---- Source material

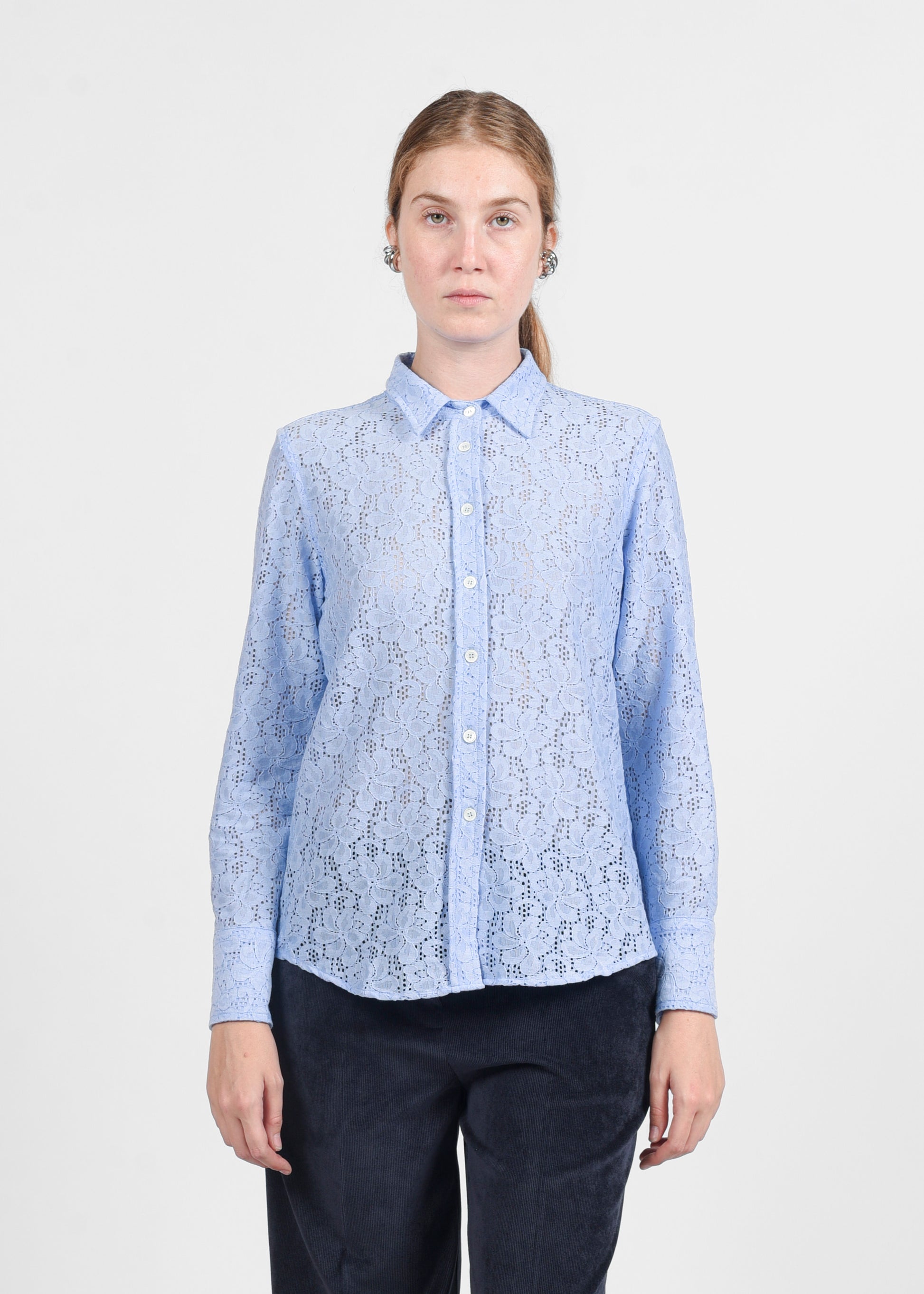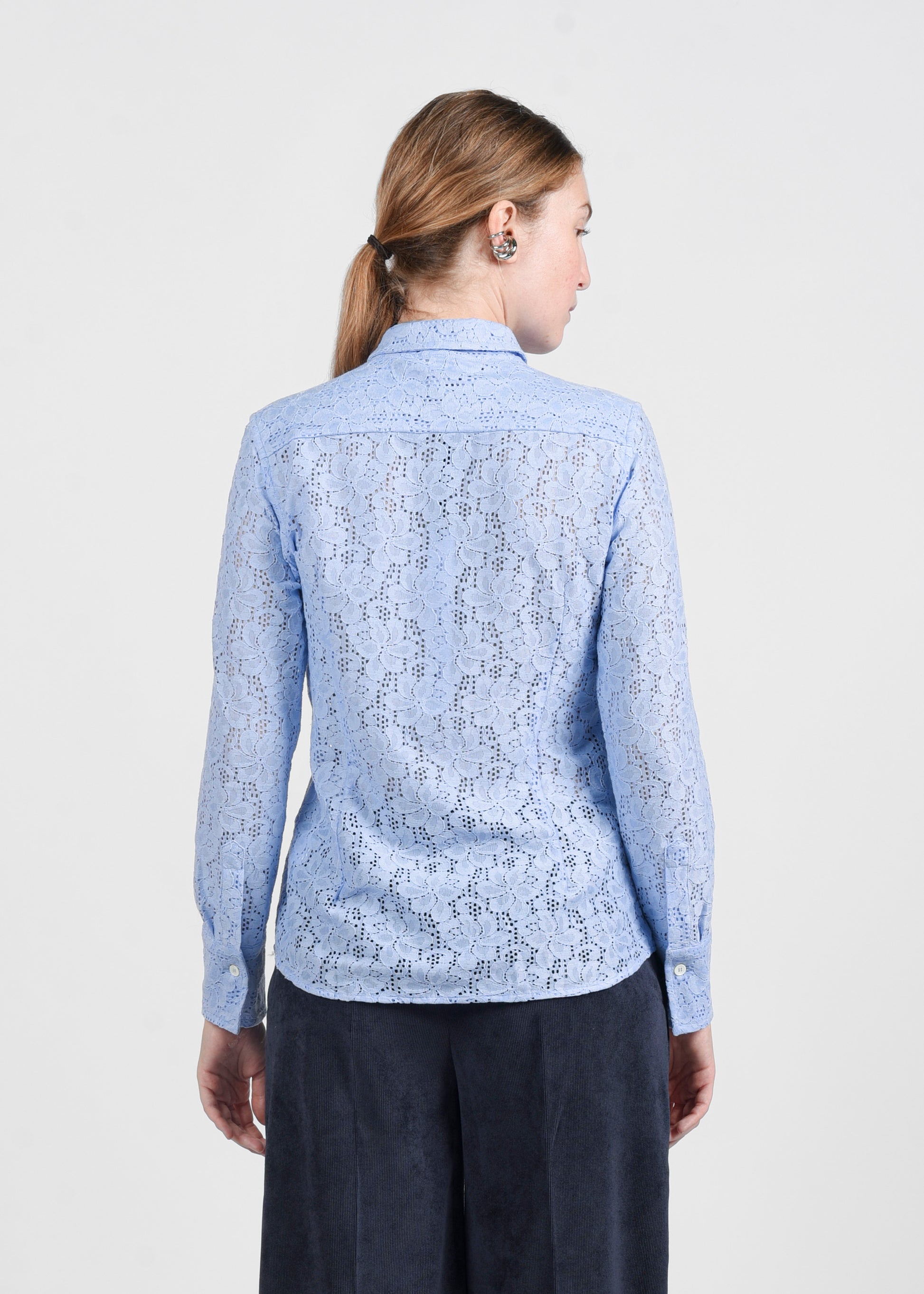 Camicia in pizzo a fiori, dalla lunghezza regolare e fit sciancrato, che valorizza la silhouette con eleganza. Realizzata in 100% cotone, combina comfort, traspirabilità e un tocco romantico e femminile.
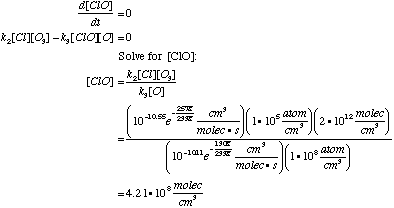 E. Use the information you have to estimate the steady-state concentration of ClO. From reaction (2), From reaction (3), The total rate of change in [ClO] is the sum of these:
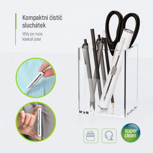 Univerzální čisticí nástroj navržený pro důkladnou údržbu sluchátek. Díky třem různým nástavcům efektivně odstraňuje nečistoty, prach a ušní maz z obtížně přístupných míst, aniž by poškodil povrch či jemné komponenty. Kompaktní a lehký design umožňuje snadné přenášení a použití kdekoli – doma, v kanceláři nebo na cestách. Každá část čisticího pera má svou specifickou funkci. Pěnová houba se dostane do hlubších částí pouzdra sluchátek a odstraní usazený prach. Jemný kartáček efektivně vyčistí mřížky reproduktorů a další citlivé části, zatímco špičatý hrot pomůže odstranit ušní maz. Díky intuitivnímu posuvnému mechanismu lze snadno přepínat mezi jednotlivými nástavci podle aktuální potřeby.
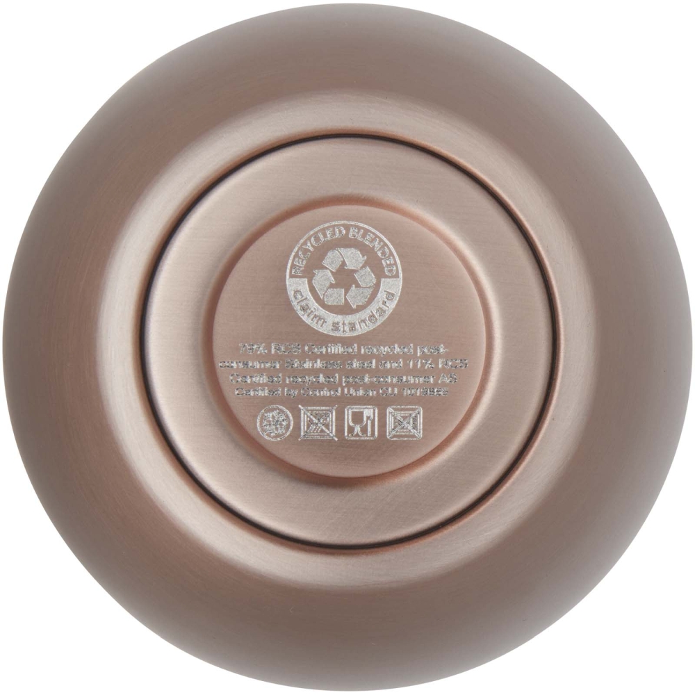 Láhev je vyrobena z nerezové oceli a má dvoustěnnou vakuovou konstrukci s měděnou izolací, která udrží nápoje horké po dobu 6 hodin nebo studené po dobu 24 hodin. Konstrukce zabraňuje kondenzaci na vnější straně hrnku. Snadné pití, nacvakávací víčko. Sprejován práškovým lakem na vnějším těle. Široký otvor pro pohodlné plnění a nalévání. Objem je 350 ml. Dodává se v dárkové krabičce z recyklované lepenky. Rozměry: 11,42 x 8,9 cm
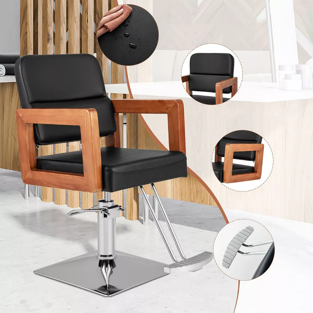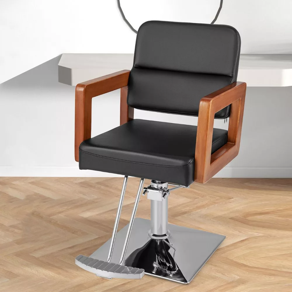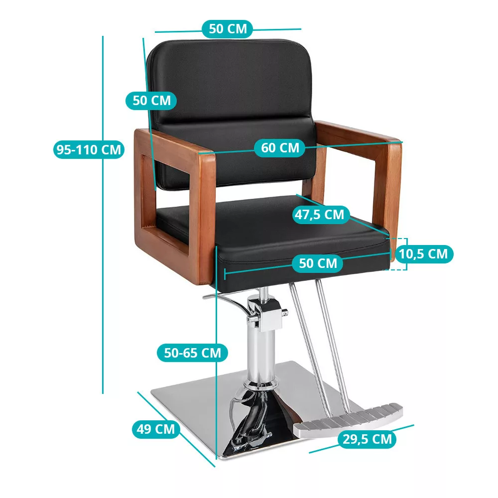 A magas sűrűségű szivaccsal töltött ülőrész és háttámla hosszabb ideig tartó ülés esetén is komfortos érzetet nyújt. A tömörfa karfák és a széles lábtámasz további kényelmet biztosítanak a vendég számára, miközben ergonomikus kialakítása megkönnyíti a fodrász munkáját is.
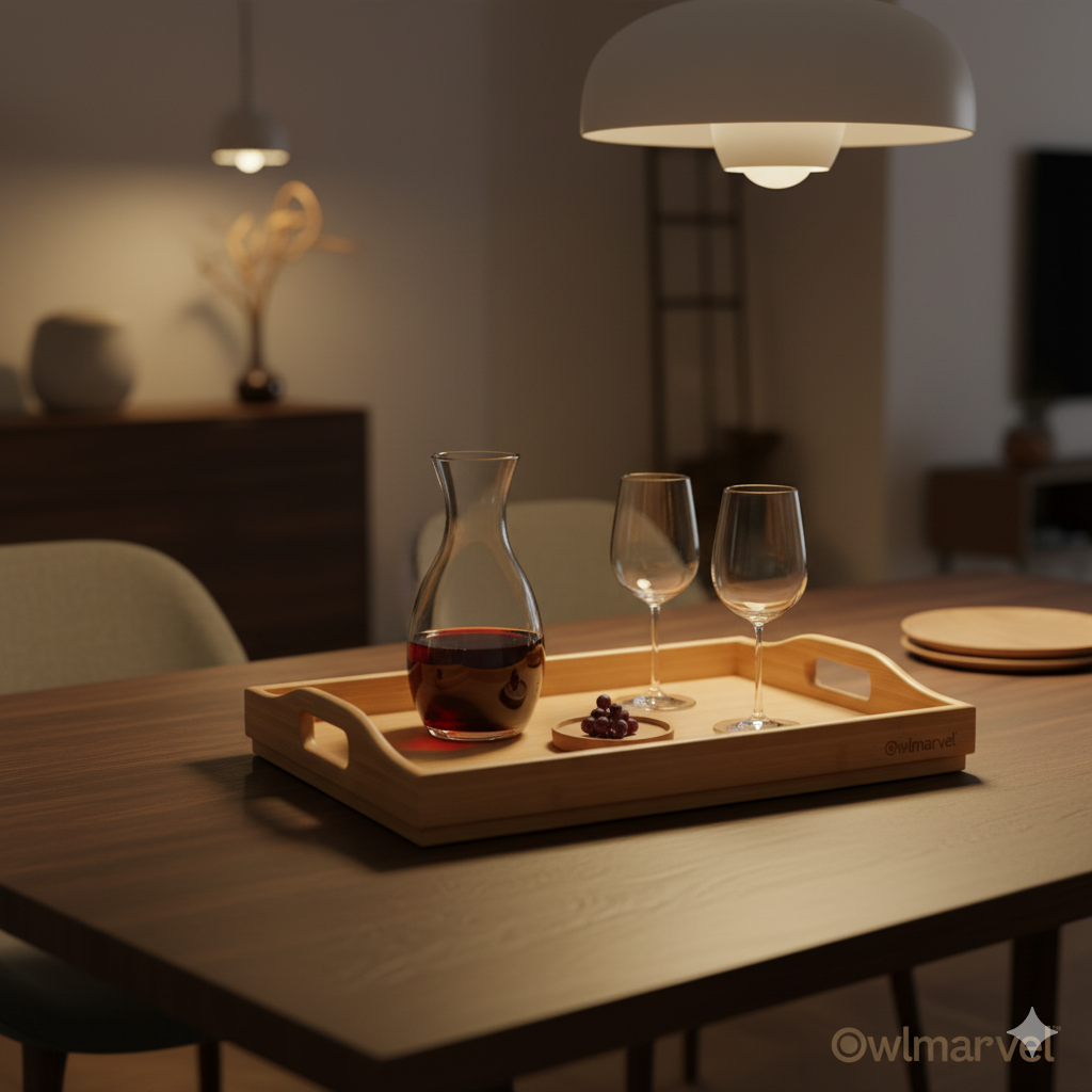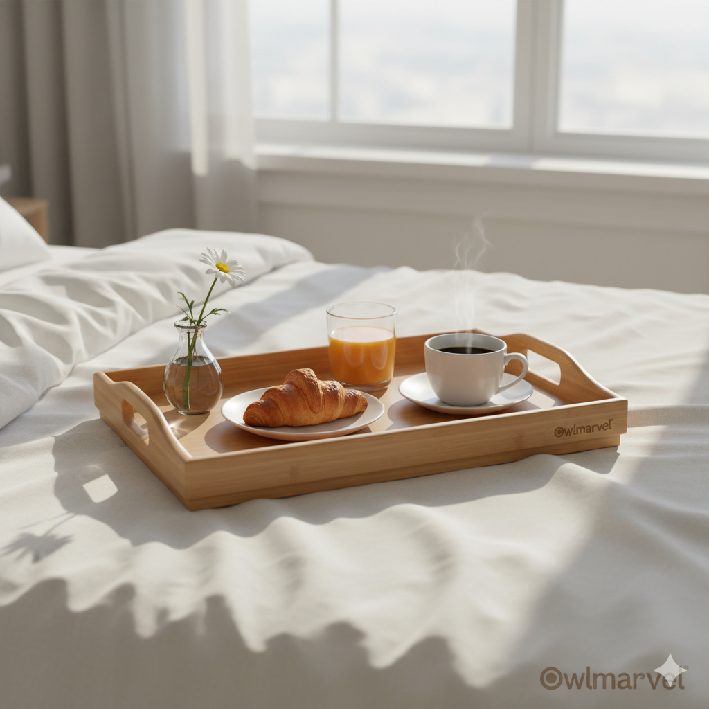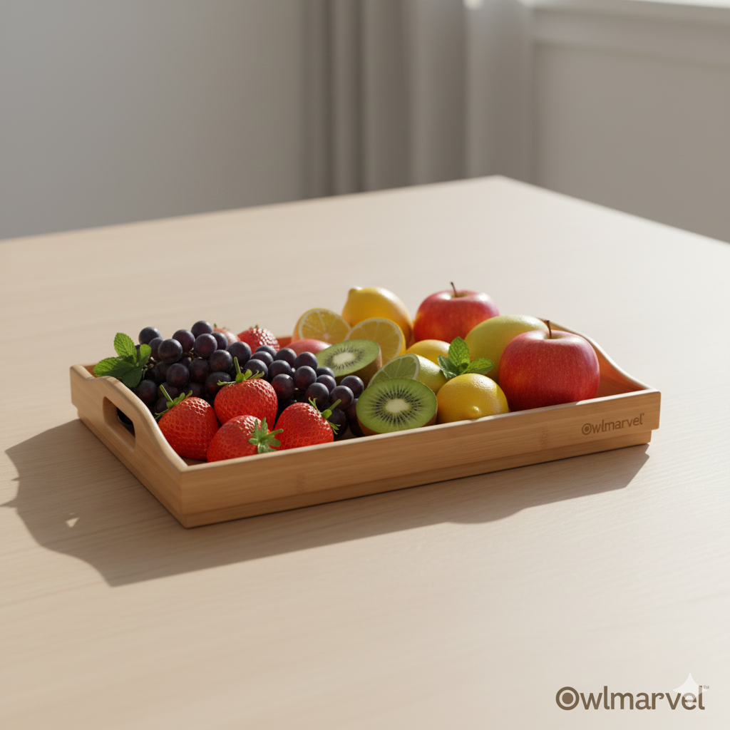 The Owlmarvel Wooden Serving Tray is expertly crafted from eco-friendly natural bamboo, combining durability with rustic charm. With smooth edges and sturdy built-in handles, it is perfect for serving breakfast in bed, carrying drinks, or displaying decorative items. Its polished surface ensures easy cleaning while the warm wood tones add sophistication to any home décor. Ideal for both practical use and stylish presentation.

--------

Task prompt: Copy the data precisely. Skip every picture.

Your solution:
 Camicia in pizzo a fiori, dalla lunghezza regolare e fit sciancrato, che valorizza la silhouette con eleganza. Realizzata in 100% cotone, combina comfort, traspirabilità e un tocco romantico e femminile.
 E. Use the information you have to estimate the steady-state concentration of ClO. From reaction (2), From reaction (3), The total rate of change in [ClO] is the sum of these:
 Univerzální čisticí nástroj navržený pro důkladnou údržbu sluchátek. Díky třem různým nástavcům efektivně odstraňuje nečistoty, prach a ušní maz z obtížně přístupných míst, aniž by poškodil povrch či jemné komponenty. Kompaktní a lehký design umožňuje snadné přenášení a použití kdekoli – doma, v kanceláři nebo na cestách. Každá část čisticího pera má svou specifickou funkci. Pěnová houba se dostane do hlubších částí pouzdra sluchátek a odstraní usazený prach. Jemný kartáček efektivně vyčistí mřížky reproduktorů a další citlivé části, zatímco špičatý hrot pomůže odstranit ušní maz. Díky intuitivnímu posuvnému mechanismu lze snadno přepínat mezi jednotlivými nástavci podle aktuální potřeby.
 Láhev je vyrobena z nerezové oceli a má dvoustěnnou vakuovou konstrukci s měděnou izolací, která udrží nápoje horké po dobu 6 hodin nebo studené po dobu 24 hodin. Konstrukce zabraňuje kondenzaci na vnější straně hrnku. Snadné pití, nacvakávací víčko. Sprejován práškovým lakem na vnějším těle. Široký otvor pro pohodlné plnění a nalévání. Objem je 350 ml. Dodává se v dárkové krabičce z recyklované lepenky. Rozměry: 11,42 x 8,9 cm
 A magas sűrűségű szivaccsal töltött ülőrész és háttámla hosszabb ideig tartó ülés esetén is komfortos érzetet nyújt. A tömörfa karfák és a széles lábtámasz további kényelmet biztosítanak a vendég számára, miközben ergonomikus kialakítása megkönnyíti a fodrász munkáját is.
 The Owlmarvel Wooden Serving Tray is expertly crafted from eco-friendly natural bamboo, combining durability with rustic charm. With smooth edges and sturdy built-in handles, it is perfect for serving breakfast in bed, carrying drinks, or displaying decorative items. Its polished surface ensures easy cleaning while the warm wood tones add sophistication to any home décor. Ideal for both practical use and stylish presentation.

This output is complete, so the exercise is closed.